Exercise instructions: Print, exactly as they stand, the lines below from the one that has "Image 2. Sunflower" to the one that has "This article has", inclusive, leaving out the pictures.

Extracted data:
[Start of section]
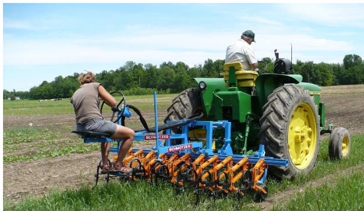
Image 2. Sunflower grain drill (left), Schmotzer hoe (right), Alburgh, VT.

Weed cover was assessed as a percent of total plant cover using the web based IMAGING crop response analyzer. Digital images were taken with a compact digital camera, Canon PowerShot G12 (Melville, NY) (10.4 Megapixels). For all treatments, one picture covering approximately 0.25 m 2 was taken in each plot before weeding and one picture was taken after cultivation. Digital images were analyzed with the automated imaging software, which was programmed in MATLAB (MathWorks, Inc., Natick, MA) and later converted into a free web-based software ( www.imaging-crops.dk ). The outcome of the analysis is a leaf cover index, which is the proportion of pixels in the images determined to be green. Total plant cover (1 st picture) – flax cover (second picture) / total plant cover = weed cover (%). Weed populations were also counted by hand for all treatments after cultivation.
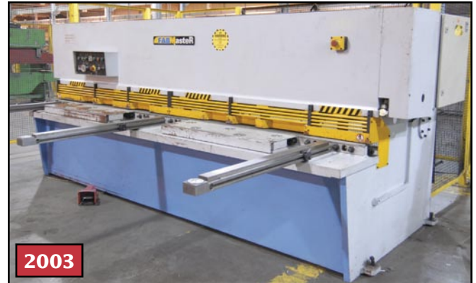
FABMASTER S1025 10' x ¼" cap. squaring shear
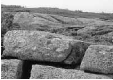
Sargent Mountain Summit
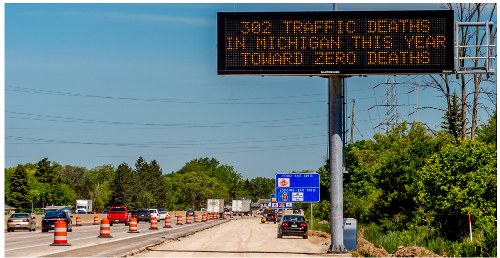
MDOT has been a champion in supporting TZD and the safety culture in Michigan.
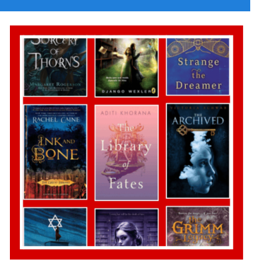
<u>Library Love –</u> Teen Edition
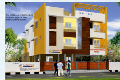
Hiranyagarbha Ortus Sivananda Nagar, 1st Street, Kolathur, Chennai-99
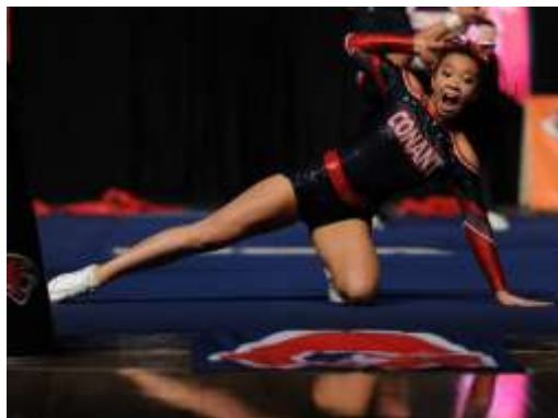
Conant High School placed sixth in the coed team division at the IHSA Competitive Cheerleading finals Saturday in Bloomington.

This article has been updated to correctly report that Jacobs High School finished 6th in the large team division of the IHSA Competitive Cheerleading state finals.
[End of section]
[Start of section]
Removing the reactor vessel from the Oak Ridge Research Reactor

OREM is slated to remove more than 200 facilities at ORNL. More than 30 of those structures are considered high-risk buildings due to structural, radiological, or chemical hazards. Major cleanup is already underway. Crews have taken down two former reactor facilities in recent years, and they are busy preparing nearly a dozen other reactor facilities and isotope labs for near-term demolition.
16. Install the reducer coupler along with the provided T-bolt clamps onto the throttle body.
[End of section]
Task output:
Image 2. Sunflower grain drill (left), Schmotzer hoe (right), Alburgh, VT.

Weed cover was assessed as a percent of total plant cover using the web based IMAGING crop response analyzer. Digital images were taken with a compact digital camera, Canon PowerShot G12 (Melville, NY) (10.4 Megapixels). For all treatments, one picture covering approximately 0.25 m 2 was taken in each plot before weeding and one picture was taken after cultivation. Digital images were analyzed with the automated imaging software, which was programmed in MATLAB (MathWorks, Inc., Natick, MA) and later converted into a free web-based software ( www.imaging-crops.dk ). The outcome of the analysis is a leaf cover index, which is the proportion of pixels in the images determined to be green. Total plant cover (1 st picture) – flax cover (second picture) / total plant cover = weed cover (%). Weed populations were also counted by hand for all treatments after cultivation.
FABMASTER S1025 10' x ¼" cap. squaring shear
Sargent Mountain Summit
MDOT has been a champion in supporting TZD and the safety culture in Michigan.
<u>Library Love –</u> Teen Edition
Hiranyagarbha Ortus Sivananda Nagar, 1st Street, Kolathur, Chennai-99
Conant High School placed sixth in the coed team division at the IHSA Competitive Cheerleading finals Saturday in Bloomington.

This article has been updated to correctly report that Jacobs High School finished 6th in the large team division of the IHSA Competitive Cheerleading state finals.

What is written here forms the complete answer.